# [Task requirements]
The pictures get dropped, while every remaining part of the listing is copied exactly.

_____

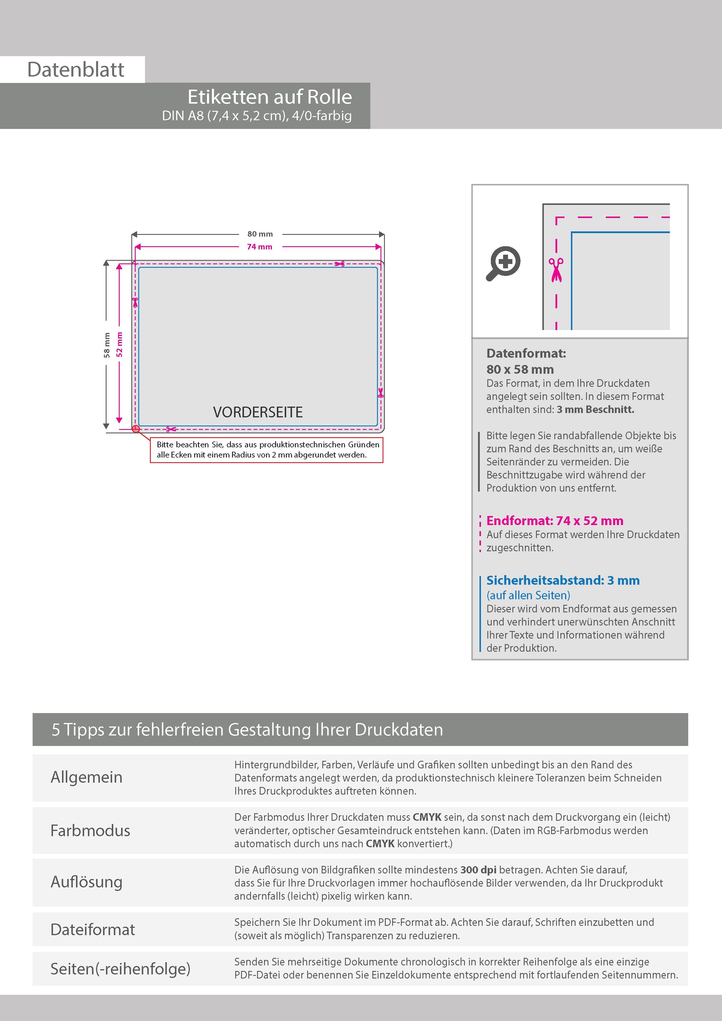 Hochwertige Etiketten auf Rolle DIN A8 (7,4 x 5,2 cm)
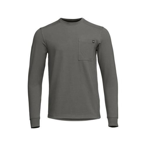 The weekend and this classic cotton long-sleeve shirt go together like meat and fire. The Foothills Long Sleeve Crew is built to wear easy, not wear out, thanks to an ultra-durable, soft cotton blend with added stretch and triple-needle stitching. SITKA branding on the pocket and bottom hem make it stand out.
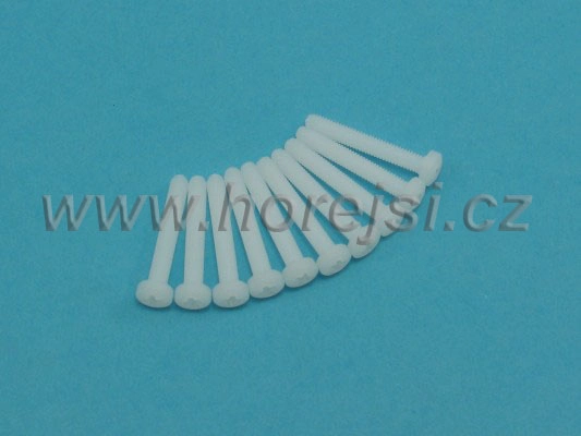 Přesný kříový žgag s vypuklou hlavou je vyrobený z hrubého polyamidu. Závit M3, dĺžka závit 25 mm.
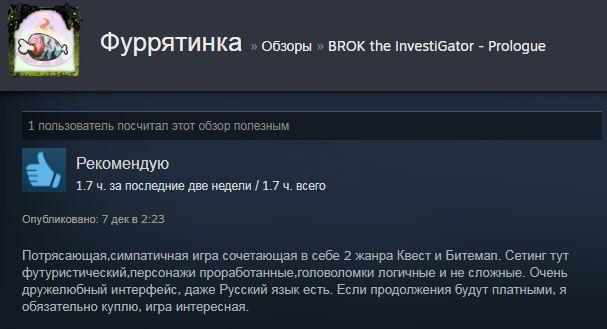 BROK the InvestiGator – приключенческий игровой проект, предлагающий выступить в роли детектива, Брока. Игровой процесс перенесет в футуристичную вселенную, где вместо людей живут животные. Самые привилегированные граждане проживают под куполом, защищающим их от загрязнений. Все остальные просто выживают. Главный герой бывший боксер, что позволяет ему не только расследовать дела, но и отбиваться от опасностей.
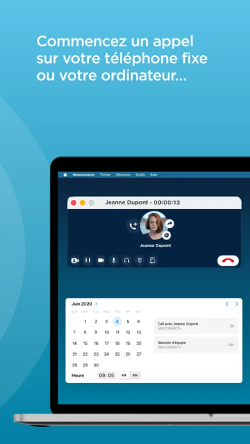 Neoconnect+ prend en charge les appels vocaux (internes et externes), la visioconférence et la messagerie instantanée. Dans toutes vos configurations, vous pouvez également échanger rapidement des documents, travailler ensemble à leur élaboration et planifier les prochaines étapes.
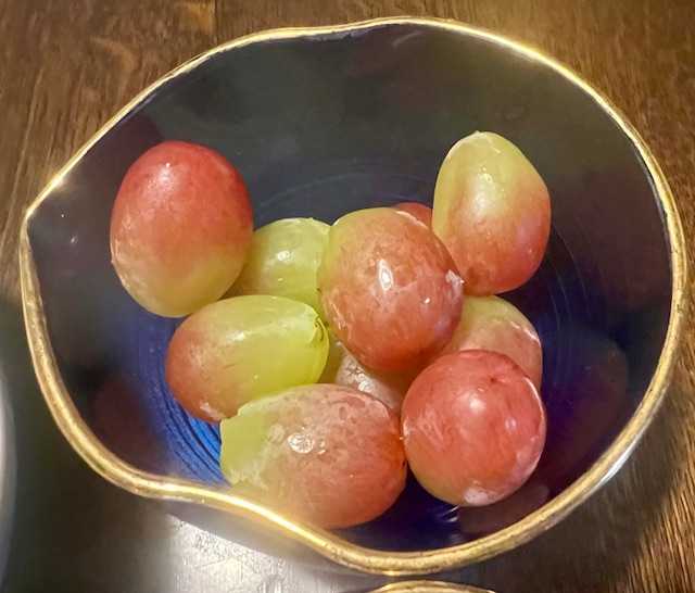 今日も、食欲が無く、この葡萄・クィーンルージュと、鮭を半分くらいと半熟卵を半分食べただけで、
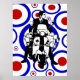 patinete branco e preto desenhado à mão, de 60 anos, sobre design branco e azul-alvo, presente de excelente ou convites para qualquer amante de 60 mod patinete

_____

# [Written solution]
 Hochwertige Etiketten auf Rolle DIN A8 (7,4 x 5,2 cm)
 The weekend and this classic cotton long-sleeve shirt go together like meat and fire. The Foothills Long Sleeve Crew is built to wear easy, not wear out, thanks to an ultra-durable, soft cotton blend with added stretch and triple-needle stitching. SITKA branding on the pocket and bottom hem make it stand out.
 Přesný kříový žgag s vypuklou hlavou je vyrobený z hrubého polyamidu. Závit M3, dĺžka závit 25 mm.
 BROK the InvestiGator – приключенческий игровой проект, предлагающий выступить в роли детектива, Брока. Игровой процесс перенесет в футуристичную вселенную, где вместо людей живут животные. Самые привилегированные граждане проживают под куполом, защищающим их от загрязнений. Все остальные просто выживают. Главный герой бывший боксер, что позволяет ему не только расследовать дела, но и отбиваться от опасностей.
 Neoconnect+ prend en charge les appels vocaux (internes et externes), la visioconférence et la messagerie instantanée. Dans toutes vos configurations, vous pouvez également échanger rapidement des documents, travailler ensemble à leur élaboration et planifier les prochaines étapes.
 今日も、食欲が無く、この葡萄・クィーンルージュと、鮭を半分くらいと半熟卵を半分食べただけで、
 patinete branco e preto desenhado à mão, de 60 anos, sobre design branco e azul-alvo, presente de excelente ou convites para qualquer amante de 60 mod patinete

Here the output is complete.